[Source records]
* * * *

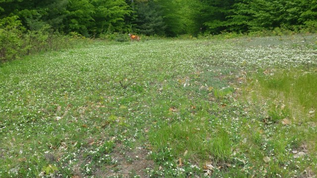 When we walked through here earlier this week all those white flowers were ripe strawberries. I ate a number of them. I can assure you they were quite delicious. And I thought they would be there so I had to bell on my backpack in case any bears were enjoying them. But we didn’t see any bears.
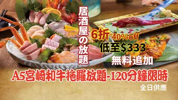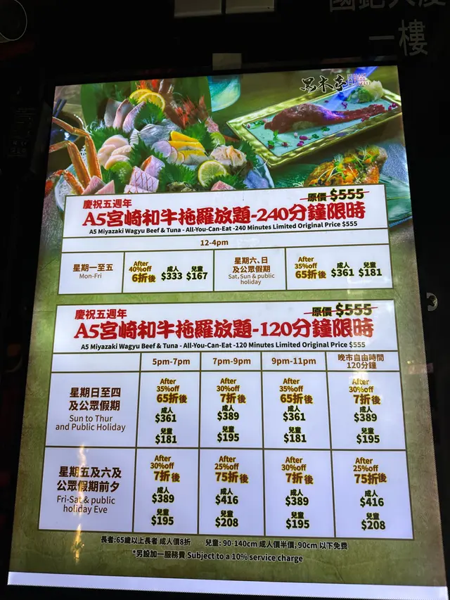 黑木亭五周年紀念,轉做A5宮崎和牛拖羅放題,原價$555一位,九點後入坐$361位😋同朋友訂左枱食返餐勁嘅。九點來到全場爆滿十分熱鬧,店內間左個自助區出來,冷盤熱盤都有唔少,當然仲有飲品櫃、甜品櫃、雪糕櫃啦。掃碼落單,食物選擇好多😋大根鮑魚、花膠海參、清酒煮蜆等最快上桌。串燒炸物等陸陸續續都來了,上菜速度快,食物仲熱㗎,個海膽和牛牛角包正喎。刺身!刺身!刺身!黎食日式放題就係為左呢樣🤤呢間款式勁多,好多冷門野都有得叫,全部新鮮勁正,必食拖羅🤤壽司都多元化,正常款、火炙款、軍艦類同創意類😋飯軟綿綿有醋香,唯一不滿就係太大件啦,保持居酒屋size😅仲有西式(?)海鮮桶,仲蒜同橄欖油煮熟的,又香又鮮。食到咁上下去食下水果先,自助區有西瓜、蜜瓜、火龍果等,再落單叫埋榴蓮!榴蓮都任食㗎😍甜品都好多得揀,楊枝甘露、馬卡龍、蛋糕仔、豆腐花等,當然少得雪糕雪條🤤另外飲品都係超誇張,罐裝汽水、紙包茶、咖啡、啤酒、白酒、紅酒、清酒等全部任飲,朋友飲咗幾碗椰子雞湯,佢話好正喎🤤食到last order真係捧住個肚走,太滿足啦😋…查看更多
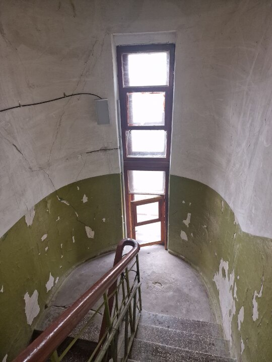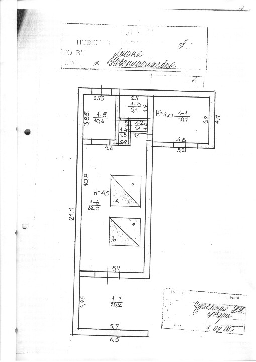 Фундамент, стіни, перегородки - цегляні, перекриття - залізобетонні плити, підлога - бетон, дах і покрівля - металевий шифер.
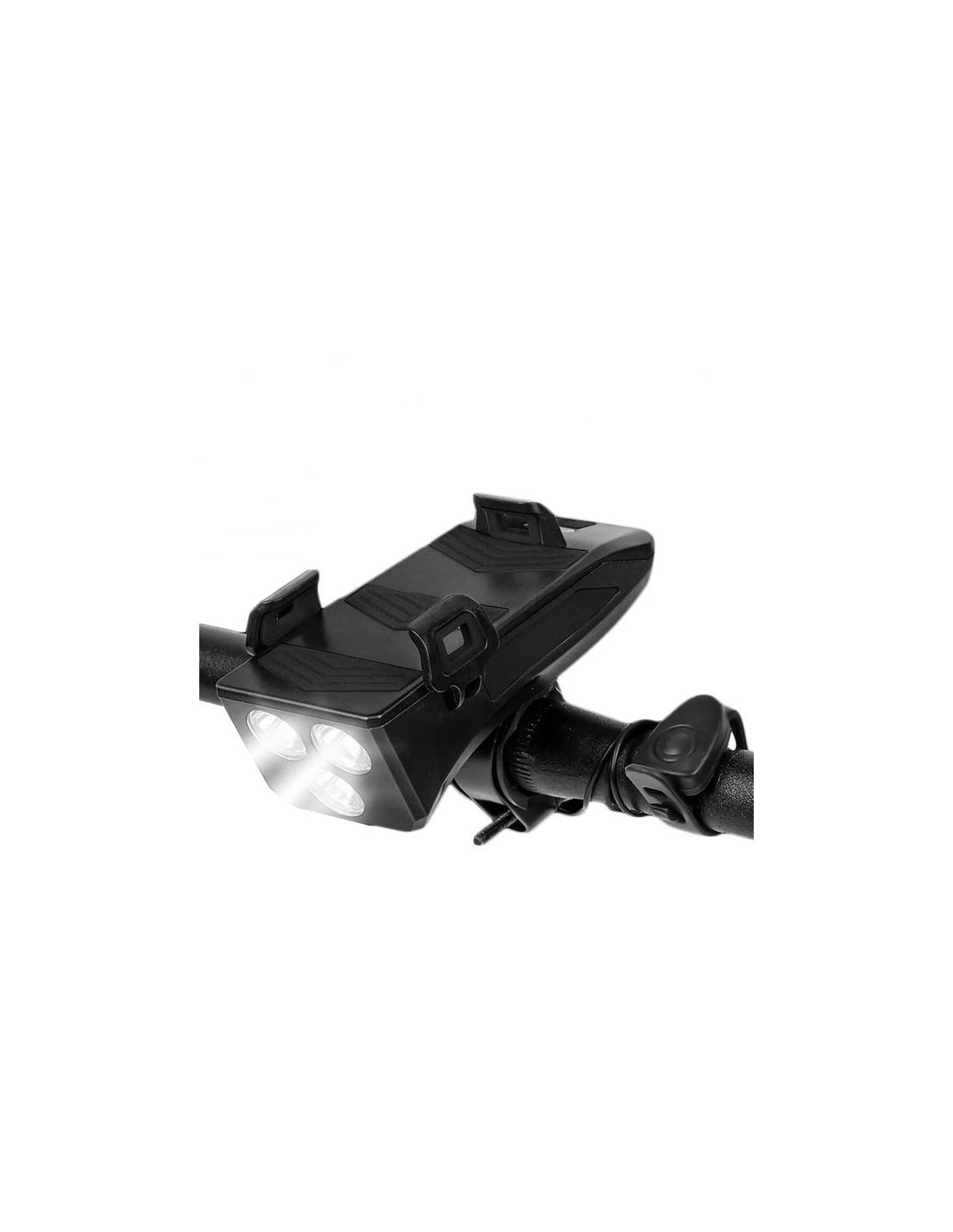 Lampe de poche pour vélo 250 lumens, klaxon de vélo, support de téléphone, batterie externe, éclairage avant de vélo, rechargeable par USB, étanche, avec 3 modes d'éclairage, 5 sons, convient pour vélo de route et de montagne .
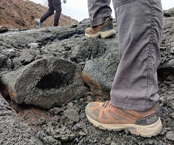 With this exhaustive list of features, it’s little wonder that well-cushioned low-cut walking boot offers great traction on rough terrain such as over this very uneven lava field.
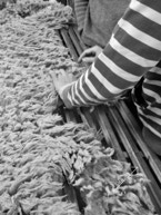 Triée une deuxième fois, notre laine est lavée, peignée puis filée, pour devenir un fil d’une incomparable douceur .
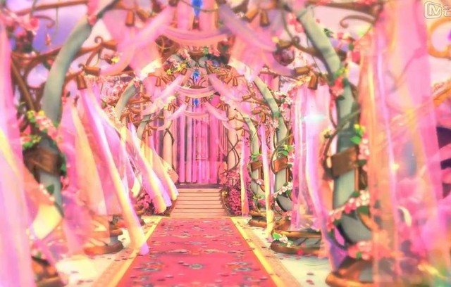 内色调为粉色, 花玲蝶纷飞,周围长满了大红色的大花。显得华丽,如婚礼殿堂般的布景
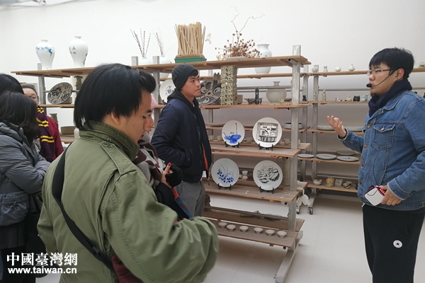 在學(xué)校學(xué)生的帶領(lǐng)下參訪團參觀美術(shù)與設(shè)計學(xué)院。(中國臺灣網(wǎng) 張露露 攝)
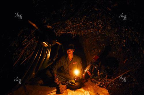 缅甸同盟军最前线,守夜的士兵钻进紧挨着一块大石头的帐篷里,青涩的面庞下,却透着刚毅的目光。
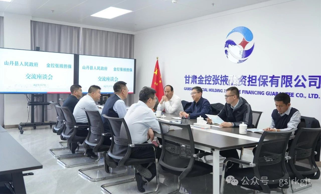 近日,山丹县委常委、常务副县长郭强一行到访金控张掖担保,双方围绕深化政银企合作、助力县域经济高质量发展开展座谈交流。金控张掖担保班子及相关业务部门负责人参加座谈。
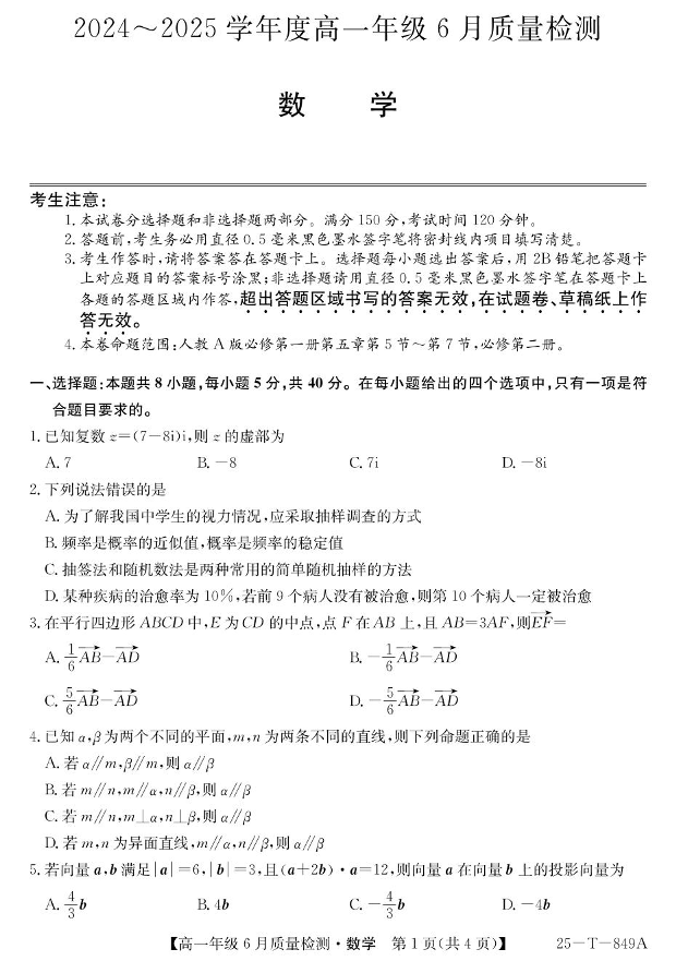 河北省邢台市七县多校2024-2025学年下学期6月高一质检数学+答案
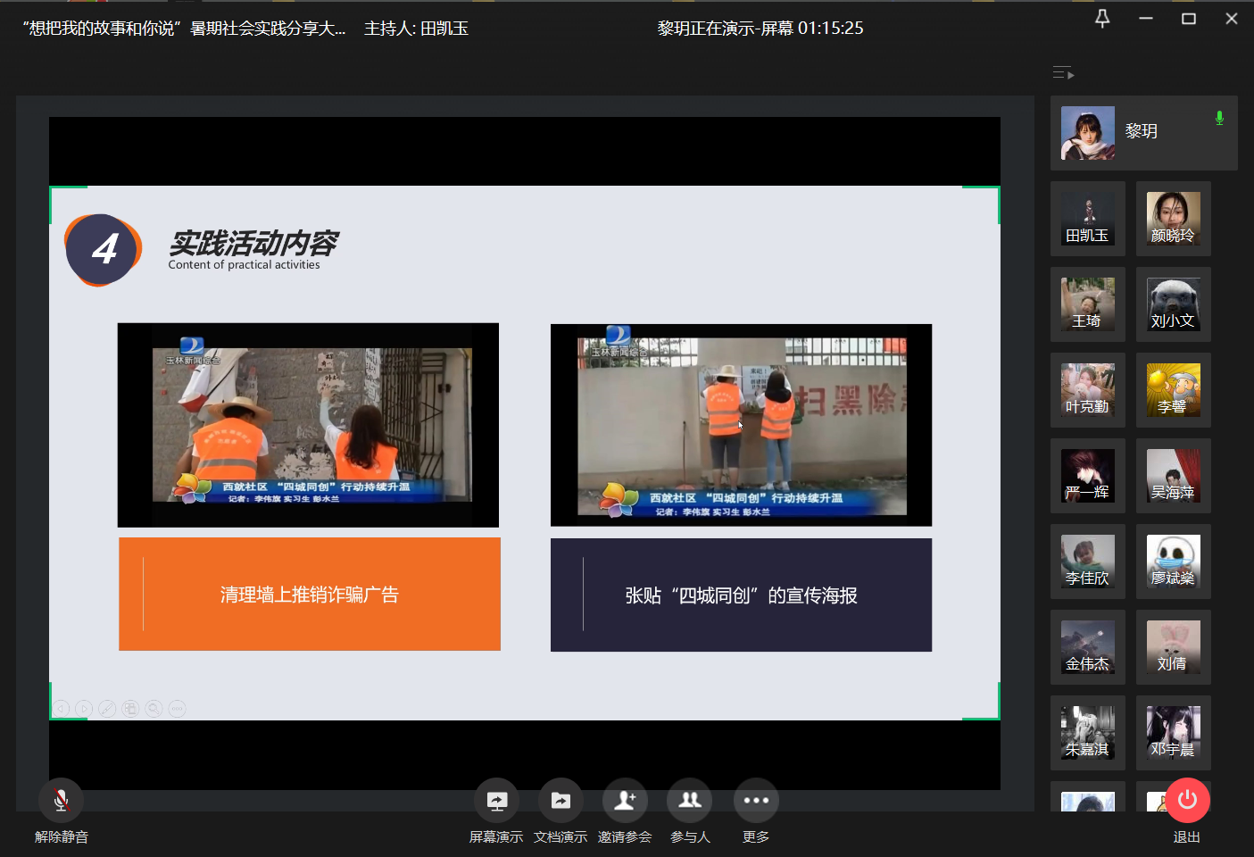 在本次暑期社会实践分享大赛中,十位参赛选手相继分享他们的故事,不仅为百余名观众提供了实习实践的宝贵经验,同时也增强了同学们对实践学习的认知与感触。
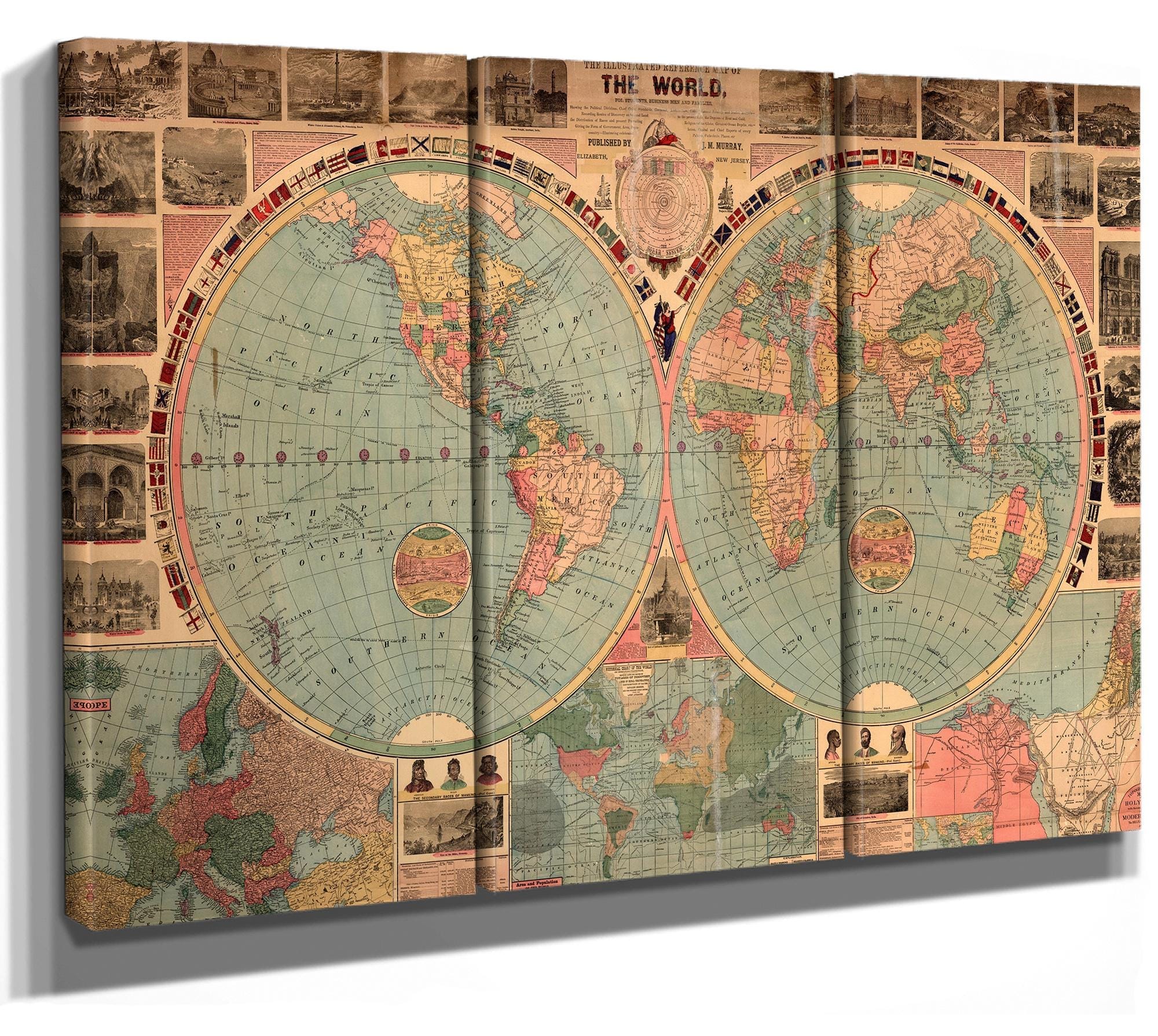 • Bella Frye Home & Garden > Decor > Artwork Framed World 1883 Vintage Map - Ornate Embellishment Frame with Print
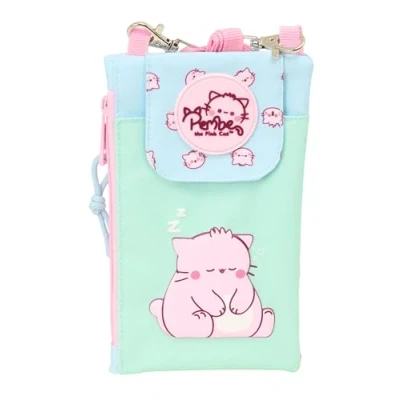 WARRANTY AND QUALITY: PEMBE THE PINK CAT Official Mobile Phone Holder with 2 Years Warranty UNIQUE DESIGN: Made of a very durable polyester material and smooth zippers. Easy to wash SPACIOUS AND LIGHTWEIGHT: Accommodation for mobile phone up to 6.9''. Zip compartment for coins. Adjustable hanging cord ALL AUDIENCES: Great for kids, adults and teenagers. Perfect for carrying your money and important cards everywhere RESISTANCE AND DURABILITY: This product is specially designed with durability in mind, made with high strength materials to ensure that it can be used in all kinds of activities, ensuring its functionality
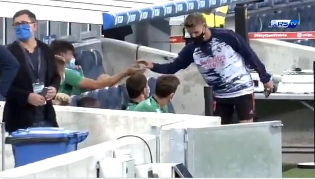 Hình ảnh Odegaard bắt tay với các cầu thủ dự bị Real Madrid.

* * * *

| Brief |
Every line from the one with "缅甸同盟军最前线,守夜的士兵" through the end of the records above belongs in the answer, copied exactly; no picture does.

| Result of the task |
 缅甸同盟军最前线,守夜的士兵钻进紧挨着一块大石头的帐篷里,青涩的面庞下,却透着刚毅的目光。
 近日,山丹县委常委、常务副县长郭强一行到访金控张掖担保,双方围绕深化政银企合作、助力县域经济高质量发展开展座谈交流。金控张掖担保班子及相关业务部门负责人参加座谈。
 河北省邢台市七县多校2024-2025学年下学期6月高一质检数学+答案
 在本次暑期社会实践分享大赛中,十位参赛选手相继分享他们的故事,不仅为百余名观众提供了实习实践的宝贵经验,同时也增强了同学们对实践学习的认知与感触。
 • Bella Frye Home & Garden > Decor > Artwork Framed World 1883 Vintage Map - Ornate Embellishment Frame with Print
 WARRANTY AND QUALITY: PEMBE THE PINK CAT Official Mobile Phone Holder with 2 Years Warranty UNIQUE DESIGN: Made of a very durable polyester material and smooth zippers. Easy to wash SPACIOUS AND LIGHTWEIGHT: Accommodation for mobile phone up to 6.9''. Zip compartment for coins. Adjustable hanging cord ALL AUDIENCES: Great for kids, adults and teenagers. Perfect for carrying your money and important cards everywhere RESISTANCE AND DURABILITY: This product is specially designed with durability in mind, made with high strength materials to ensure that it can be used in all kinds of activities, ensuring its functionality
 Hình ảnh Odegaard bắt tay với các cầu thủ dự bị Real Madrid.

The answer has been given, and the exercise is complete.